Es ist irgendwie bizarr, mitten in München auf einem fränkischen Weinfest zu sein.
Was ist daran bizarr? Auch wenn manche Franken es nicht gern hören: Franken gehört auch zu Bayern, und warum soll es nicht ein Weinfest in der Landeshauptstadt geben?

Falls Du Dich noch einmal nach Bayern verirren solltest: Die "Brezeln" heißen dort Brezn, die "Madeln" Madln, der "Schmarren" ist ein Schmarrn, und der ganze Text ist auch nicht weit davon ab.

Was übrigens die beigen Hosen darin zu suchen, erschließt sich mir nicht – wahrscheinlich musste der Text noch ein wenig gestreckt werden.

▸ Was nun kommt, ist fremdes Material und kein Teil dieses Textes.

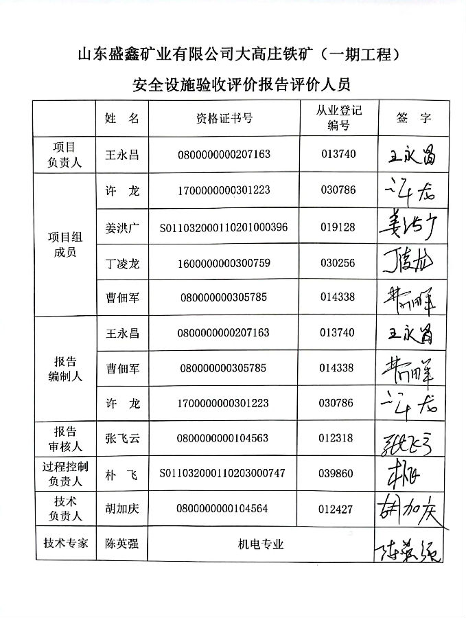 项目负责人 | 王永昌 | 评价类型 | 安全设施验收评价 |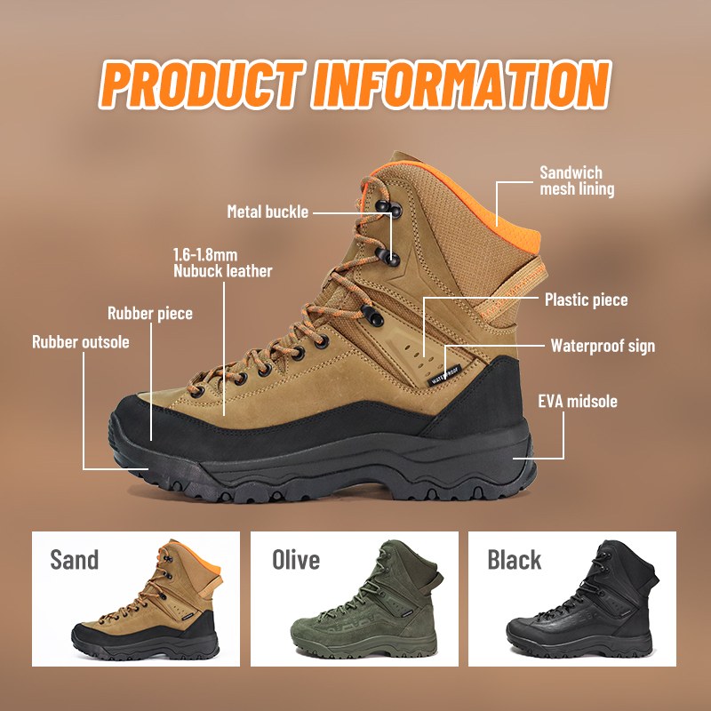 Тези водоустойчиви туристически обувки със силно сцепление против хлъзгане се предлагат за персонализиране на цветове, материали и детайли с MOQ от 800 чифта, идеални за сътрудничество с марка и групови доставки. И тези трекинг обувки имат следните предимства:

Ach ja, und dann der Titel: Warum ein Mix aus Deutsch und Englisch? Mach doch gleich „Lost in Bavaria“ daraus, das klingt weltläufiger.

Gruß Ciconia
 

DocSchneider

Foren-Redakteur
Teammitglied
O je, Ciconia, jetzt hast Du es mir aber gegeben. Klar ist der Text voller Klischees, klar ist das alles erlebt, auch die beesche Hose, klar ist das alles nicht ganz richtig geschrieben.
Ach, am besten trinke ich jetzt mehrere Mass (Maß?) Bier. Auf einem fränkischen Weinfest.
;-)))
 
U

USch

Gast
Hallo doc,
ganz nett geschriebener Text, aber es fehlt mir der Pfiff. Versuche doch mal da eine richtige Story hineinzubringen. Es plätschert sonst nur so lustig dahin.
Nicht verzagen und LG USch
 

DocSchneider

Foren-Redakteur
Teammitglied
Hallo USch, ich muss Dich leider enttäuschen, es wird keine Geschichte geben, es sind nur Schlaglichter, lose verbunden.